Jika kita mengenal Tuhan dengan baik, kita tidak akan salah sasaran di dalam berdoa.



Kedua | Kita Bisa Minta Apa Saja

[Image: jikaylaborte.wordpress.com]
Tidak ada permintaan yang terlalu kecil sehingga Tuhan remehkan. Sebaliknya, tidak ada permintaan yang terlalu besar sehingga Tuhan tidak sanggup memenuhinya.

Di dalam sebuah seminar yang saya pimpin di sebuah kampus, seorang mahasiswa bertanya, “Pak Xavier, apakah Tuhan bisa menciptakan batu yang sedemikian besar sehingga Dia Sendiri tidak sanggup mengangkatnya?” Saya jawab pertanyaan itu dengan sebuah pertanyaan juga, “Menurut Anda, apakah Tuhan akan melakukan sesuatu hanya untuk iseng atau untuk kebaikan bagi kita?” Mahasiswa itu tidak bertanya lebih lanjut.

Baca Juga: Tangan-Tangan Pemelihara Kehidupan



Ketiga | Hak Prerogatif Ada di Tangan Tuhan

Meskipun bisa berdoa apa saja, tetapi kita harus sadar sepenuhnya bahwa hak prerogatif ada di tangan Tuhan. Dialah yang berhak memenuhi atau tidak memenuhi doa yang kita panjatkan. Banyak orang yang salah persepsi tentang hal ini. “Doa saya kok tidak pernah Tuhan jawab, ya?” ujar seseorang dengan frustrasi. Menurut saya, Tuhan pasti menjawab doa, hanya jawabannya bisa: "Ya", "Tidak", atau "Tunggu".

Jadi, bukan karena jawaban Tuhan berbeda dengan keinginan kita lalu kita mengatakan bahwa Tuhan tidak menjawab doa kita.

Baca Juga: Bisakah Hari yang Buruk Menjadi Lebih Buruk?

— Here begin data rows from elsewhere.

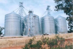 Two 1182 SilOz Grain Silos tonne Optimum 273mm unloading auger Three phase electric unloading and sweep 120t/hr Sweep auger with unique walking mechanism Heavy design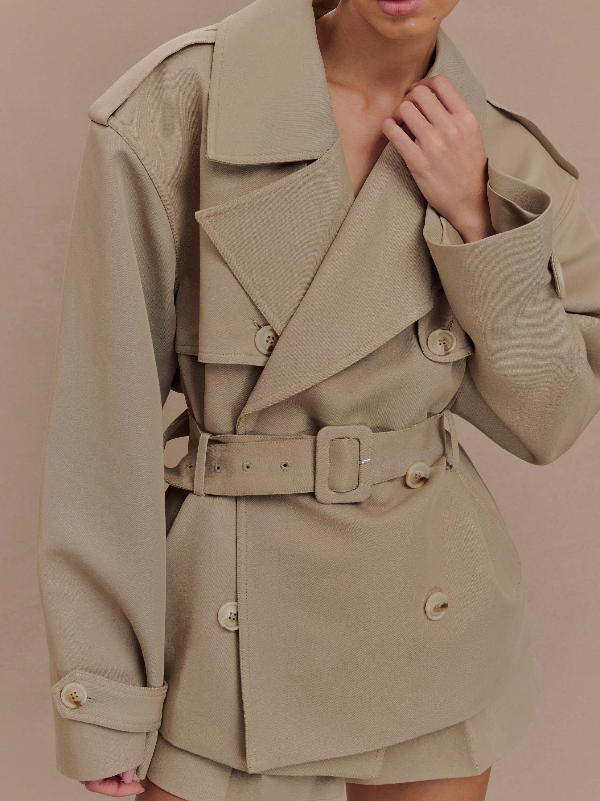 The Jacket offers a contemporary take on timeless outerwear. Designed with classic trench elements including shoulder epaulettes, raglan sleeves, a double breasted front, and a waist cinching belt, this cropped silhouette brings effortless polish to any look. Fully lined for comfort and structure, it features practical side pockets and functional belt loops for added versatility.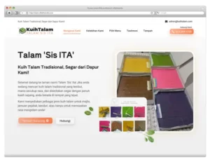 Website jenis Company Profile untuk kuihtalam.com – laman rasmi jenama Talam ‘Sis’ Ita yang terkenal dengan kuih talam tradisional, lembut, manis secukup rasa dan disediakan segar dari dapur. Laman web ini dibangunkan sebagai professional business website untuk memudahkan pelanggan membuat tempahan, melihat senarai produk, serta mendapatkan maklumat lengkap tentang perkhidmatan yang ditawarkan. Reka bentuk laman memerlukan clean and modern web design dengan paparan yang fokus kepada mobile-friendly website design. Sesuai untuk inisiatif responsive web design for local brands dalam industri makanan tradisional di Malaysia.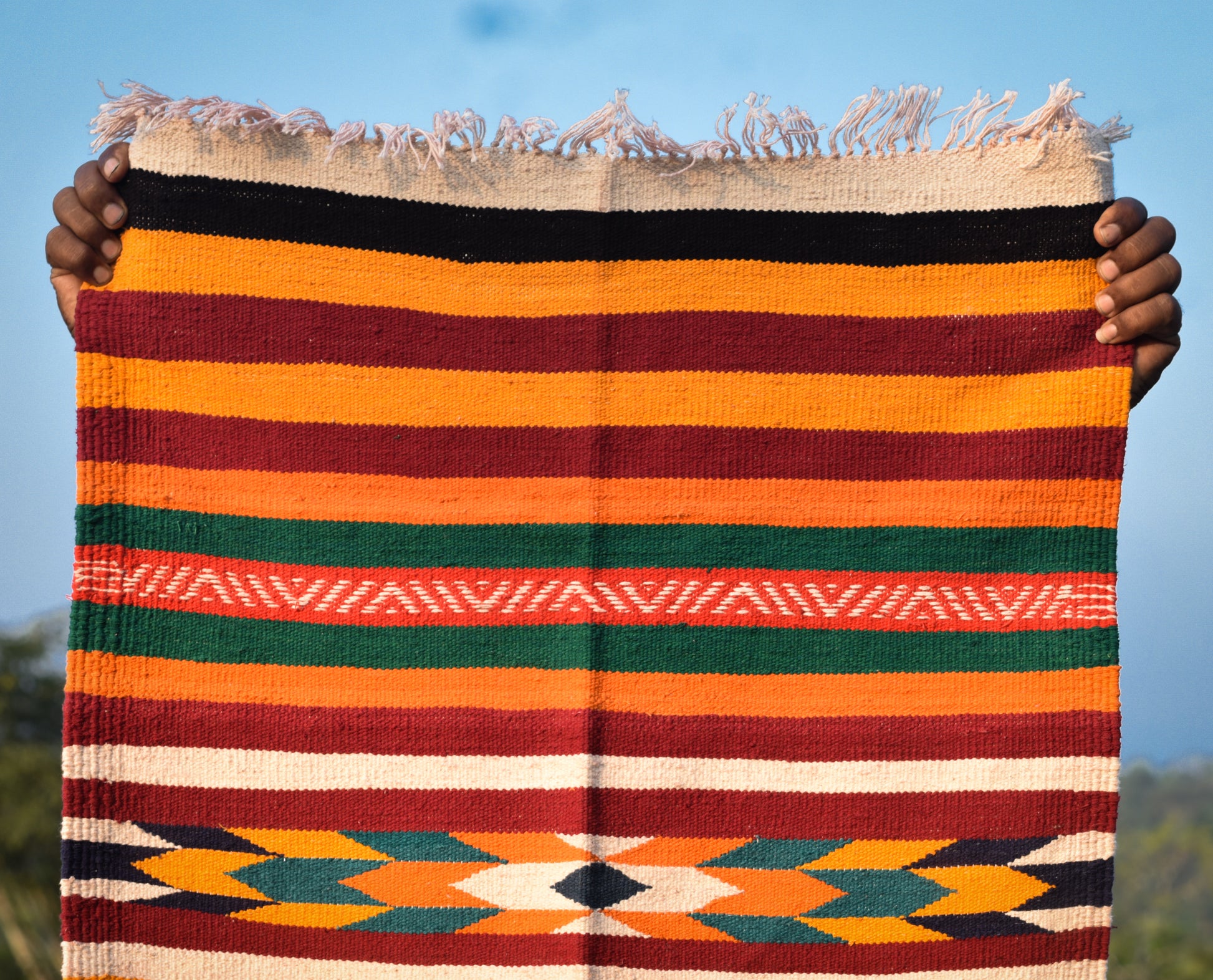 A vibrant Navalgund dhurrie in rich maroon–mustard tones with bold tribal motifs and a striking central diamond. Handwoven on traditional pit looms, it features layered stripes, colourful patterns, and warm earthy hues. Perfect for adding character to walls, floors, tables, or any cozy corner with authentic North Karnataka craftsmanship.

Keempat | Tidak Perlu Bertele-tele

Kita tak perlu bertele-tele dalam berdoa, karena Tuhan tahu apa yang kita inginkan. Meskipun demikian, kita seharusnya bertalu-talu dalam memanjatkan doa.

Bukan berarti Dia tidak mendengar saat kita berdoa untuk suatu hal untuk pertama kalinya, melainkan karena saya yakini ini, Dia ingin tahu keseriusan kita.

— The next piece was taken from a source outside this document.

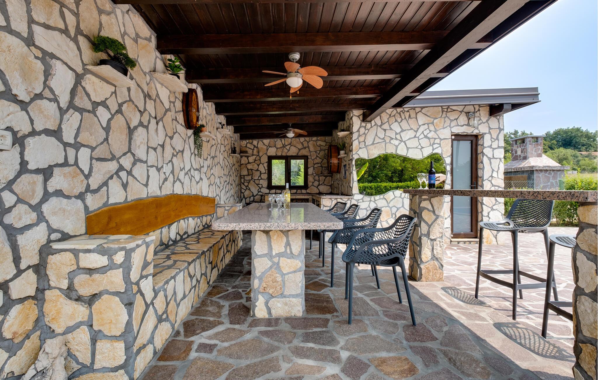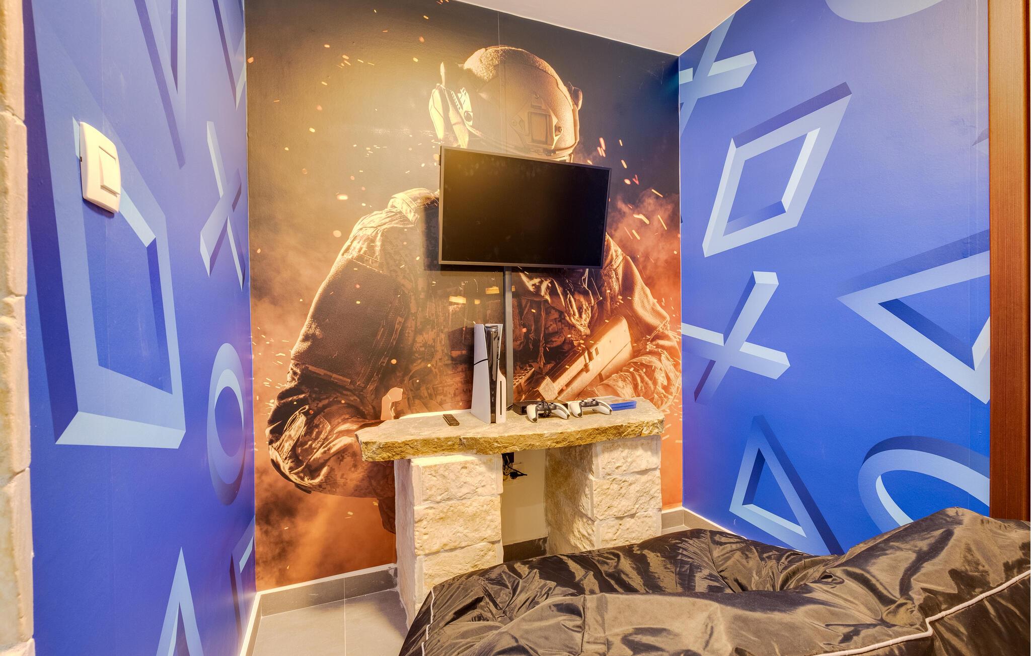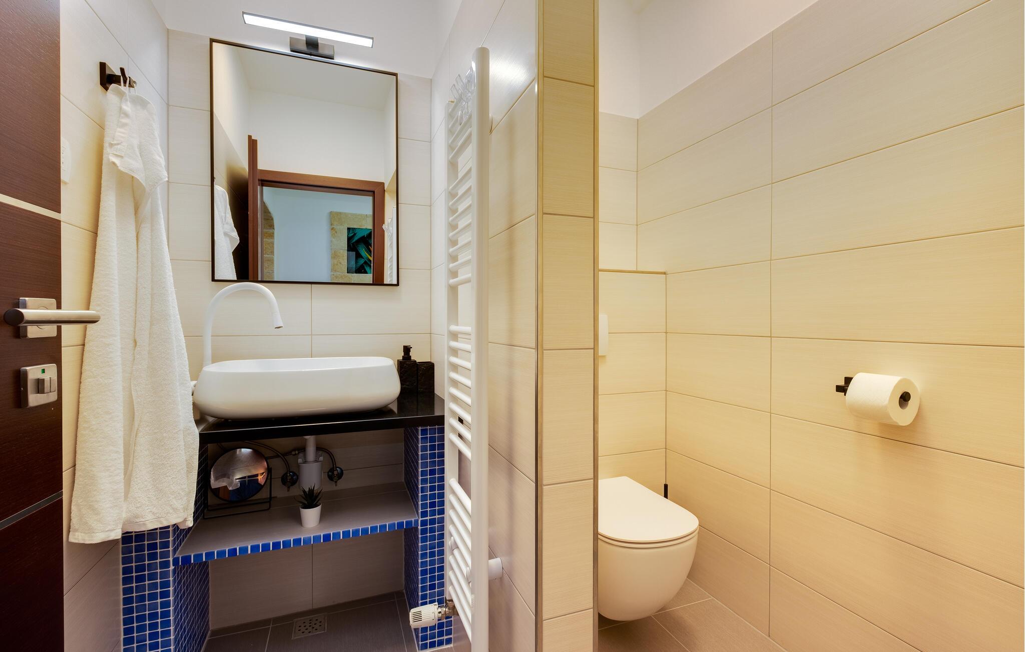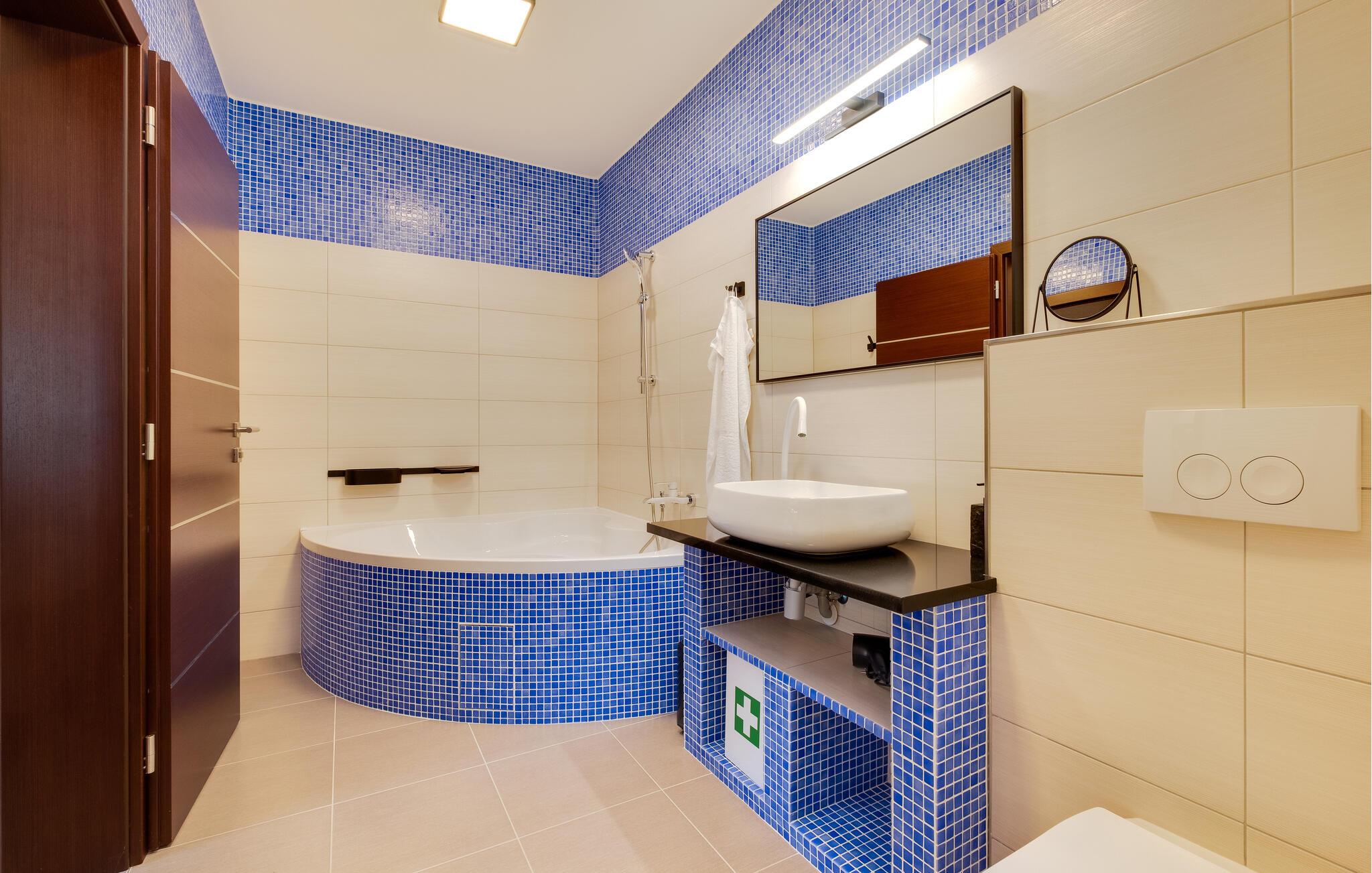 Dette vennefamilielige feriehus i Jakovlje er noget særligt med moderne møbler og en indbydende atmosfære. Det åbne, komfortable køkken er ideelt til madlavningsaftener sammen, mens den lyse stue og den hyggelige spiseplads lægger op til en masse hyggestunder. Der tilbydes underholdning: det er ikke kun børnene, der kan have det sjovt med at spille videospil i spillelokalet, og fitnessrummet er tilgængeligt for aktive timer.

Jadi, meskipun kita tahu bahwa Tuhan tahu sebelum kita berdoa, tetapi kita perlu mengutarakannya secara verbal, baik di dalam hati maupun lewat ucapan bibir kita.



Kelima | Jangan Bimbang

[Image: tumblr.com]

Bimbang artinya meremehkan Tuhan. Ragu-ragu sama dengan tidak percaya bahwa Tuhan sanggup menjawab doa kita. Yakinilah satu hal ini: Jika Tuhan tidak mengabulkan - sekali lagi, bukan tidak menjawab - doa kita, Tuhan akan memberi yang jauh lebih baik ketimbang yang bisa kita pikirkan maupun doakan.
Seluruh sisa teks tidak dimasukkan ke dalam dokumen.